SUMMARY OF THE INVENTION
[0011] The following presents a simplified summary of the invention
in order to provide a basic understanding of some aspects of the
invention. This summary is not an exhaustive overview of the
invention. It is not intended to identify key or critical elements
of the inven-tion or to delineate the scope of the invention. Its
sole purpose is to present some concepts in a simplified form as a
prelude to the more detailed description that is discussed
later.
[0012] Generally, the present disclosure is directed to the
manufacturing of sophisticated semiconductor devices, and, more
specifically, to non-volatile memory devices that include an
additional conductive storage layer. In one example, the memory
device includes In one example, the memory device includes a gate
insulation layer, a first conductive storage layer positioned above
the gate insulation layer and a first non-conductive charge storage
layer positioned above the first conductive storage layer. The
device further includes a blocking insulation layer positioned
above the first non-conductive charge storage layer and a gate
electrode positioned above said blocking insulation layer.
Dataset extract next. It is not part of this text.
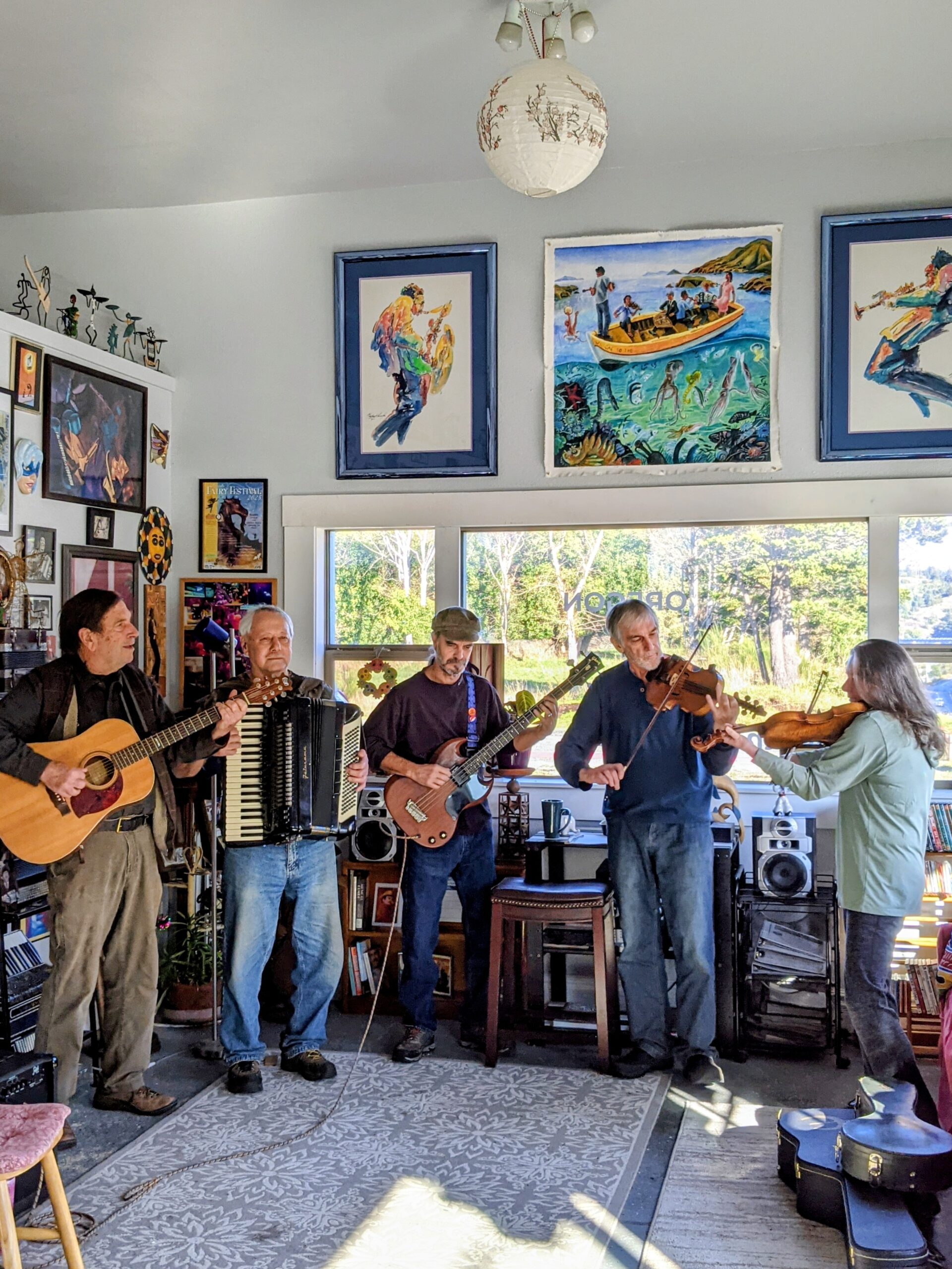 performing on the Friendship Hall stage with several of his local friends for our February

In one
illustrative example, the conductive storage layer may be comprised
of silicon, germanium, polysilicon, silicon nano-crystals or
germanium nano-crystals.
BRIEF DESCRIPTION OF THE DRAWINGS
[0013] The disclosure may be understood by reference to the
following description taken in conjunction with the accompanying
drawings, in which like reference numerals identify like elements,
and in which:
[0014] FIG. 1A-1G schematically depict various embodiments of
illustrative prior art memory devices and associated energy band
diagrams;
[0015] FIGS. 2A-2D depict illustrative examples of a novel memory
device described herein and associated methods of construction;
and
[0016] FIGS. 3A-3B depict yet other illustrative examples of a
novel memory device described herein, and associated methods of
construction.
[0017] While the subject matter disclosed herein is susceptible to
various modifications and alternative forms, specific embodiments
thereof have been shown by way of example in the drawings and are
herein described in detail. It should be understood, however, that
the description herein of specific embodiments is not intended to
limit the invention to the particular forms disclosed, but on the
contrary, the intention is to cover all modifications, equivalents,
and alternatives falling within the spirit and scope of the
invention as defined by the appended claims.
DETAILED DESCRIPTION
[0018] Various illustrative embodiments of the invention are
described below. In the interest of clarity, not all features of an
actual implementation are described in this specification. It will
of course be appreciated that in the development of any such actual
embodiment, numerous implementation-specific decisions must be made
to achieve the developers' specific goals, such as compliance with
system-related and business-related constraints, which will vary
from one implementation to another. Moreover, it will be
appreciated that such a development effort might be complex and
time-consuming, but would nevertheless be a routine undertaking for
those of ordinary skill in the art having the benefit of this
disclosure.
[0019] The present subject matter will now be described with
reference to the attached figures. Various structures, systems and
devices are schematically depicted in the drawings for purposes of
explanation only and so as to not obscure the present disclosure
with details that are well known to those skilled in the art.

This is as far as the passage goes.